Court battle with Mentor

Not long after Sientra received its approvals and began selling its implants, Mentor sued the company, alleging that Sientra had unfairly competed against Mentor by hiring away key sales people. Sientra won the lawsuit last year, and Mentor did not appeal.

“After a year of discovery and draining us, and six and a half weeks in court, they did not show one iota of evidence to support any of the allegations in the complaint. We put on our side of the case in six days,” Zeini told the Business Times last year in an interview.

Sientra has expanded sales quickly. Between 2012 and 2013, its revenues grew 237 percent, from $10.4 million to $35.1 million. Revenue for the first half of 2014 is $21.9 million, up 22 percent from $17.9 million the same period a year earlier.

JOBS Act rules

Sientra is considered an “emerging-growth company,” which means it doesn’t have to disclose compensation for all executives, only has to present two years of financial data and faces looser rules around verifying its internal accounting controls.

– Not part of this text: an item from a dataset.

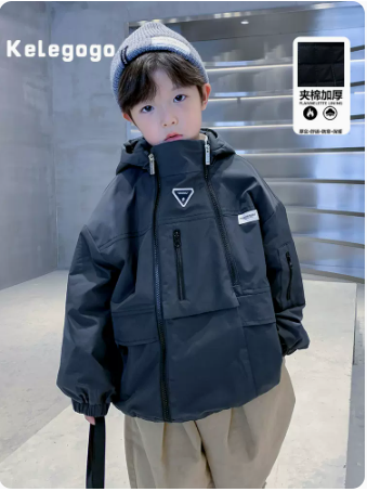 男童外套秋冬款2023新款儿童冬季夹棉加厚冲锋衣中大童保暖夹克潮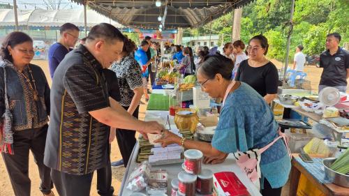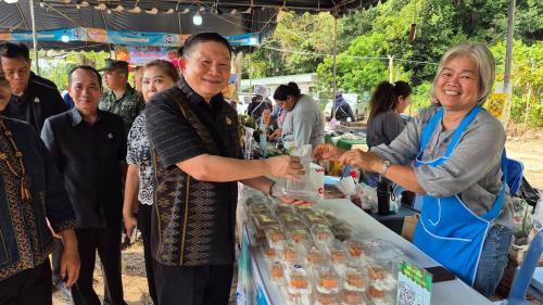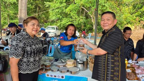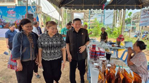 กิจกรรมย่อยที่ 2 การแสดงและจำหน่ายผลิตภัณฑ์ชุมชนอำเภอเกาะช้าง ณ บริเวณลานกิจกรรมข้างโรงแรมคชาเกาะช้าง อำเภอเกาะช้าง จังหวัดตราด พร้อมด้วย นายอำเภอเกาะช้าง หัวหน้าส่วนราชการจังหวัด อำเภอ ผู้นำท้องที่ ท้องถิ่น ภาคเอกชน สื่อมวลชน

Sientra is unambiguous that it is not going public to become an acquistion target. It has a number of anti-takeover measures in place: Directors are elected on staggered terms and can’t be summarily replaced, shareholders can only make proposals at an actual meeting rather than through written consent, and shareholders must give advanced notice of any proposals. Only the board chairman, CEO Zeini or a majority of directors can call a special meeting of shareholders.

Sientra’s current major owners are Abingworth Bioventures with 18.6 percent of shares, OrbiMed Private Investments with 33.8 percent, Clarus Lifesciences with 29.8 percent. Zeini owns 6.3 percent of the firm.

The deal’s underwriters are Piper Jaffray & Co., Stifel, Nicolaus & Co., Leernik Partners and William Blair & Co. Santa Barbara attorney Tom Hopkins of the law firm Cooley is handling legal work on the offering.